[Stored data entries]
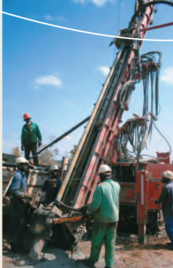
RC Drilling - Kanyika Niobium Project, Malawi

Following a successful exploration program in 2010, Globe is set to commence a drilling program at the Machinga North prospect. A planned 2,000m drilling campaign will test the six known zones and focus on extending the established area of heavy rare earth mineralisation. In October 2011, Globe will commence a 3,000m drilling program following the identification of targets through soil sampling. Results should be announced in December.
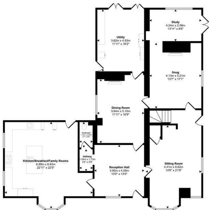
Ground Floor Approx 171 sq m / 1839 sq ft

Approx Gross Internal Area 386 sq m / 4176 sq ft
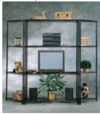
Total Entertainment Center Consists of: 18"Dx84"Wx63"H Qty. Cat. No. 4 L1848B shelves 8 L18TRBshelves 10 L63PB posts 8 L9994B post-to-post connector

## WHAT YOU WILL DO
Without the pictures, write out every entry exactly as it appears.

## EXERCISE RESPONSE
RC Drilling - Kanyika Niobium Project, Malawi

Following a successful exploration program in 2010, Globe is set to commence a drilling program at the Machinga North prospect. A planned 2,000m drilling campaign will test the six known zones and focus on extending the established area of heavy rare earth mineralisation. In October 2011, Globe will commence a 3,000m drilling program following the identification of targets through soil sampling. Results should be announced in December.
Ground Floor Approx 171 sq m / 1839 sq ft

Approx Gross Internal Area 386 sq m / 4176 sq ft
Total Entertainment Center Consists of: 18"Dx84"Wx63"H Qty. Cat. No. 4 L1848B shelves 8 L18TRBshelves 10 L63PB posts 8 L9994B post-to-post connector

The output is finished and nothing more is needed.